Senator BOB BROWN (Leader of the Australian Greens) (3:38 PM) —by leave—I move:

That the Senate—

(a)   censures the Government for its gross and systematic failure in the delivery of its climate change programs including home insulation, green loans, solar rebate, renewable remote power generation program and the renewable energy target; and

(b)   calls on the Government to put in place a unified ministry and Department of Climate Change and Energy.

I begin by assuring the Senate that this is done with great gravity. There has not been a motion of censure of a minister or of the government in the period the Rudd government has been in office. The use of the censure, I can assure senators, is not taken by me, after 24 years parliamentary experience, lightly at all.

However, as a nation we are witnessing one of the grossest episodes of mishandling of the public money and the public trust in recent governance history. The Rudd government came to office in a very large part on the basis of its commitment to the Australian public to address the issue of climate change. Two big election promises to that end were the 20 per cent renewable energy target and the promise that 150,000 Australian homes would be given green loans to improve both their water efficiency and their ability to reduce the dependence on fossil fuels and therefore help in the fight against climate change.

In the event, the 20 per cent renewable energy target program has failed, not least because of the government’s refusal to take note of warnings from my colleague Senator Milne. Instead of including photovoltaics and solar hot-water services within the target, Senator Milne advised to make them additional to the target. The government did not take that advice; the Prime Minister did not take that advice; the Minister for the Environment, Heritage and the Arts did not take notice of that advice; and, in this place, the Minister for Climate Change and Water did not take notice of that advice. Now we have a renewable energy target program which is in corrosion if not at the point of sheer collapse. The wind energy system in Australia, which had such promise of investment, job creation and clean energy creation, is in the doldrums, to say the least, with hundreds of jobs and the expectation of many small businesses and, indeed, some large businesses blighted by the government’s failure to take better advice, on this occasion from a Greens senator who knew much better and was much better informed about the state of that industry and the delivery of this program.

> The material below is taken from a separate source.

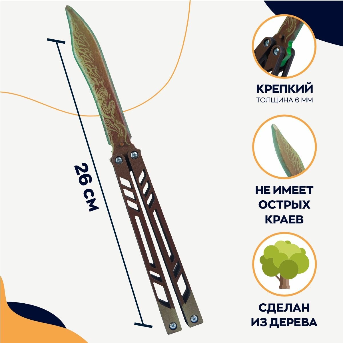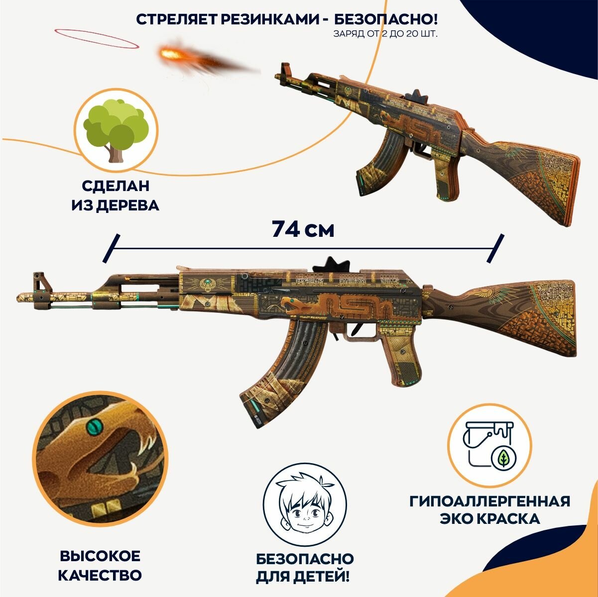 Подарочный набор игрушечного оружия вызовет восторг у ребенка! Каждый комплект уникален, дополнен наклейками, отличается составом и скинами, что позволяет выбрать наиболее подходящий подарок для каждого мальчика. Ножи из дерева - точная и реалистичная копия из популярной видеоигры. Деревянные сувениры будут активно использоваться для игр на свежем воздухе (улице, даче или дома). Игрушка нож может быть использована для тренировок, отработки трюков и навыков самообороны. Складной ножик бабочка тренировочная с клинком, окрашен эко красками, покрыт прямой печатью и защищен слоем водонепроницаемого лака, чтобы увеличить срок службы изделия. Игрушечный нож изготовлен специально для трюков или флиппинга, подходит для развития мелкой моторики рук ребенка. Сабля танто крепко держится в ножнах с помощью магнита. Самурайский кинжал с ножнами создан по уникальному макету, обладает реалистичным видом, но с ним не страшно оставить мальчика поиграть самостоятельно, он полностью безопасен и не токсичен (острые углы отсутствуют Резинкострелы развивают меткость, ловкость, внимание, воображение, предрасполагает к сюжетно-ролевым играм, улучшает координацию движений, учит тактике, стратегии и хитрости. АКР разнообразит игры, открыв простор для создания многочисленных увлекательных игровых сюжетов. Ружье не стреляет пульками, поэтому с ним безопасно играть в войнушку, воздушный тир или пострелять по мишеням. Калашников стреляет резинками на расстоянии до 10 метров за счет движения шестерни (при покупке ak47, вы получаете комплект резинок в подарок). Макет ak 47 из дерева легко собирается и разбирается, им можно стрелять очередью (заряжать до 20 резинок) или поштучно. USP-S с глушителем и точным прицелом, из популярной компьютерной игры CS GO (КС ГО), обязательно понравится геймерам всех возрастов. Ненастоящее оружие дезерт игл или пустынный орёл, является абсолютно безопасным для детей. Самоклеящиеся виниловые стикеры по мотивам популярной игры на пленке формата А5. На картинках ты узнаешь своих любимых героев из игровой вселенной. Все декоративные stickers уникальны и отличаются друг от друга, каждый вырезан по контуру, что позволяет их удобно отклеивать. подходит для украшения канцтоваров (блокнот, альбом, ежедневник, тетрадь, школьный и личный дневник, пенал, папка). Эстетичные изделия с клейким основанием красиво смотрятся на чехле телефона (айфона, смартфона), украсят планшет, айпад повербанк, наушники и различные гаджеты. Наклейка интерьерная - отличный декор детской и комнаты подростка, можно клеить на любые плоские поверхности: на стену, на стол, на дверь, на комод.Круто подходят для украшения оружия! Новогодний набор можно выбрать из: Автомат АК47 Dragon glass, пистолет desert eagle yakuza, нож tanto якудза, нож kunai radiation; Ak 47 Трежер хантер, бабочка Легаси, танто якудза; AK-47 Necromanser, USP genesis, керамбит cold flame, нож бабочка coldflame; AK 47 2 Years red, юсп 2 года красный, karambit claw, бабочка коготь. Изготавливаются на собственном производстве в России из натуральных материалов, с преобладанием ручного способа изготовления. Прекрасный презент на новогодние праздники (нг), Рождество, день рождения, 23 февраля и любое другое событие.

The second commitment to the Australian people, which attracted a great deal of voter approval, was the promise by the government of 150,000 green loans. In the event, 1,000 have been and will be delivered. This is a less than one per cent success rate on that promise. Amongst the blighted promises is the program rollout to skill people to be able to take part in this program, thousands of whom now are skilled with nowhere to go, with their investment lost and with no promise of future employment.

When we look at the now renowned Home Insulation Program, which was part of the stimulus package, there was a promise which led everybody in Australia to believe that they could safely have their homes insulated and their power prices brought down to make a contribution to the reduction of greenhouse gas emissions. In the event, we know that this is now an utter shambles. It has led not only to potential loss of life and injury but also to some 90 house fires and some 1,000 or more potential electrified ceilings. Many people around Australia who have had this insulation installed in their homes wanted to think they would feel good about this as a result of their contribution to climate change and their lower power bills; but instead they are worried about whether death lurks in their attic or ceiling. It is a terrible situation.

I quote from an article on the front page of the Age today which outlines one account of the outcome of this program:

LIKE a chain of dominoes, the once booming insulation industry was collapsing yesterday, with hundreds of jobs axed and thousands more expected to go amid warnings the sector could freeze for a year.

At the top of the insulation food chain, Australia’s biggest ceiling batt manufacturer warned that factories could close within weeks.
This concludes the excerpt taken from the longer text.